• YOUR INSTRUCTIONS: All of the data below should be printed again word for word, pictures excluded.

• MATERIAL FOR THIS EXERCISE:
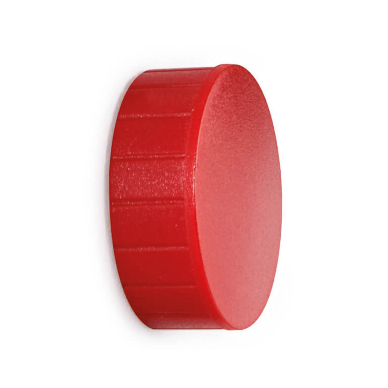 Round MAUL magnets in red colour: with a diameter of 38 mm and a thickness of 12.5 mm
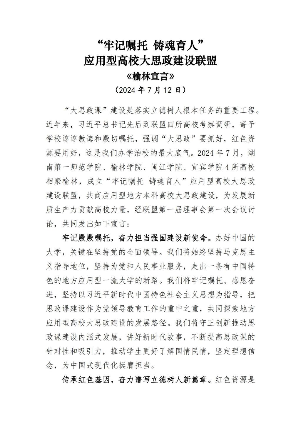 经2024年7月12日,“牢记嘱托 铸魂育人”应用型高校大思政建设联盟成立预备会暨第一届理事会第一次会议讨论,达成了符合联盟建设与发展的《榆林宣言》,现予以发布:
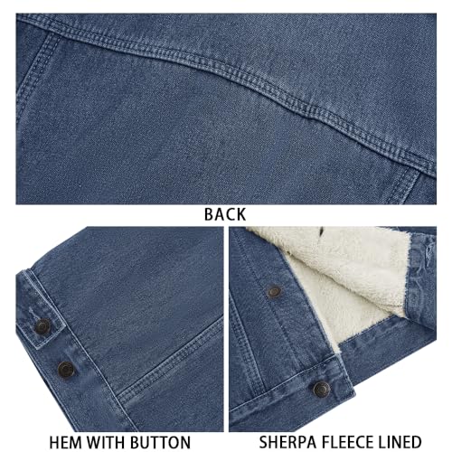 Runcati Mens Sherpa Fleece Lined Denim Jacket Casual Winter cozy Button Down Trucker Jacket Coat with Pocket
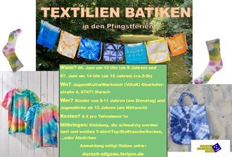 Hier die Aktionen in den Pfingstferien: Achtung!! Veränderte Uhrzeit beim Batiken!!
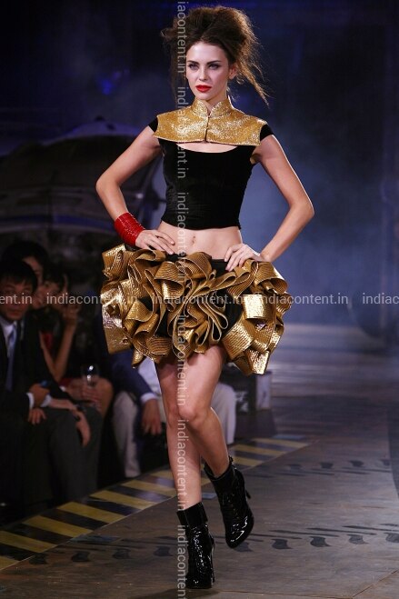 NEW DELHI INDIA MAY 6 A model walks the ramp AT the unveiling of the Outlander Signature collection BY Rohit Bal inspired BY Mitsubishi Outlander IN NEW Delhi ON May 6 2010. This was the designers FIRST SHOW AFTER a three-MONTH break following a heart attack. Photo BY Ramesh Sharma India Today GROUP
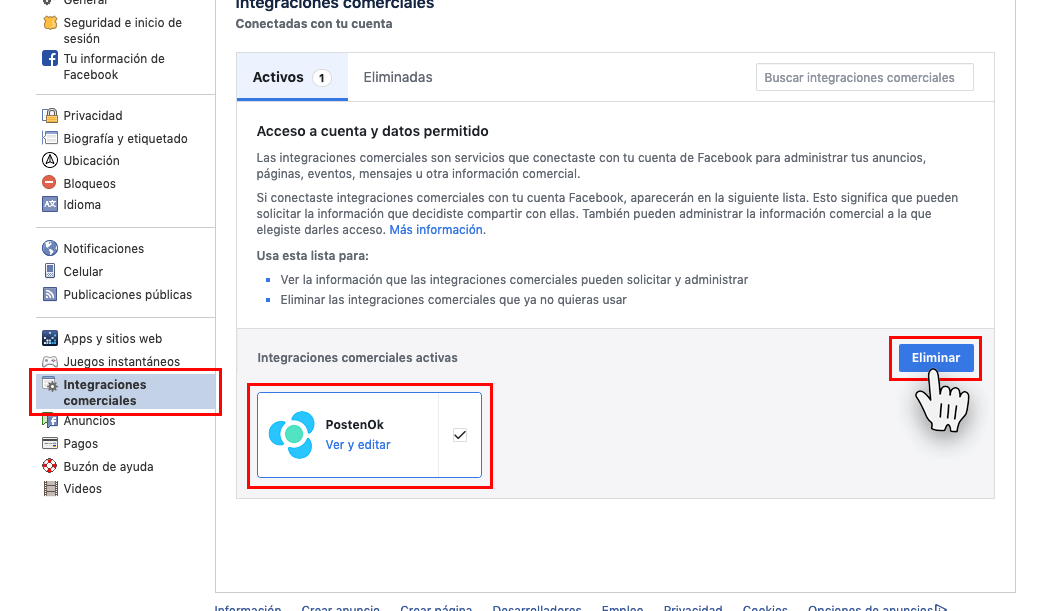 Seleccione la aplicación en la sección “Integraciones empresariales” y pulse “Eliminar”.
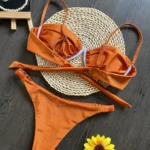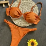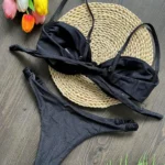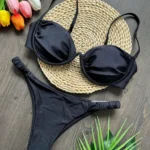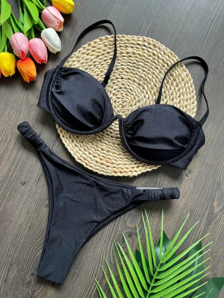 Confeccionado em náilon e fibras sintéticas, com artesanato em malha, este conjunto de biquíni oferece toque macio e boa respirabilidade. Possui almofadas internas e sutiã com aro, garantindo sustentação, conforto e melhor modelagem do busto. A cintura média proporciona equilíbrio entre segurança e conforto para uso prolongado.
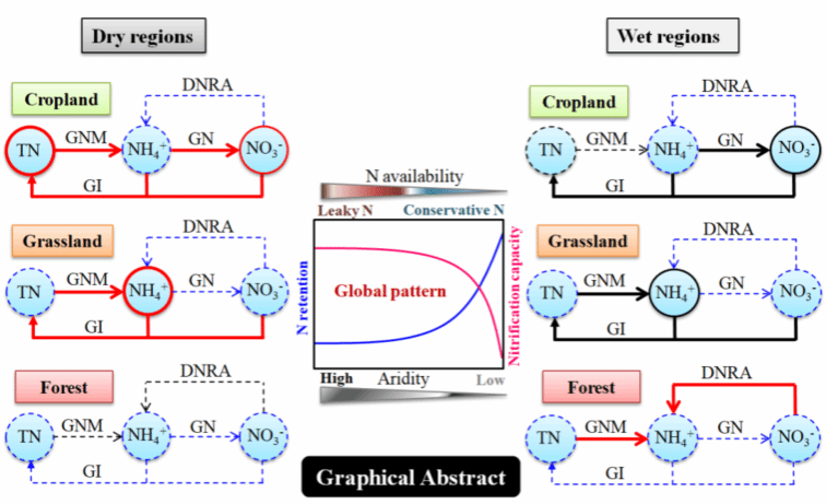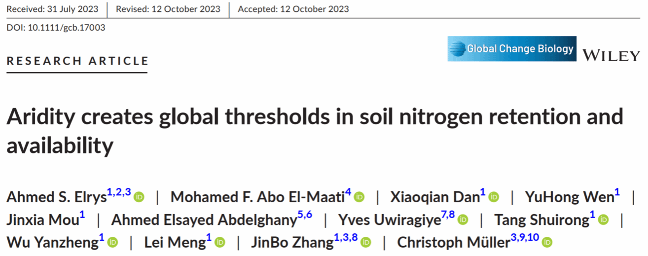 海南大学hy3380cc海洋之神张金波教授和孟磊教授团队Ahmed S. Elrys教授发现全球范围内土壤氮固持和有效性存在干旱阈值。该研究成果以“Aridity creates global thresholds in soil nitrogen retention and availability”为题发表在国际知名期刊《Global Change Biology》上。

• RESULT OF THE EXERCISE:
 Round MAUL magnets in red colour: with a diameter of 38 mm and a thickness of 12.5 mm
 经2024年7月12日,“牢记嘱托 铸魂育人”应用型高校大思政建设联盟成立预备会暨第一届理事会第一次会议讨论,达成了符合联盟建设与发展的《榆林宣言》,现予以发布:
 Runcati Mens Sherpa Fleece Lined Denim Jacket Casual Winter cozy Button Down Trucker Jacket Coat with Pocket
 Hier die Aktionen in den Pfingstferien: Achtung!! Veränderte Uhrzeit beim Batiken!!
 NEW DELHI INDIA MAY 6 A model walks the ramp AT the unveiling of the Outlander Signature collection BY Rohit Bal inspired BY Mitsubishi Outlander IN NEW Delhi ON May 6 2010. This was the designers FIRST SHOW AFTER a three-MONTH break following a heart attack. Photo BY Ramesh Sharma India Today GROUP
 Seleccione la aplicación en la sección “Integraciones empresariales” y pulse “Eliminar”.
 Confeccionado em náilon e fibras sintéticas, com artesanato em malha, este conjunto de biquíni oferece toque macio e boa respirabilidade. Possui almofadas internas e sutiã com aro, garantindo sustentação, conforto e melhor modelagem do busto. A cintura média proporciona equilíbrio entre segurança e conforto para uso prolongado.
 海南大学hy3380cc海洋之神张金波教授和孟磊教授团队Ahmed S. Elrys教授发现全球范围内土壤氮固持和有效性存在干旱阈值。该研究成果以“Aridity creates global thresholds in soil nitrogen retention and availability”为题发表在国际知名期刊《Global Change Biology》上。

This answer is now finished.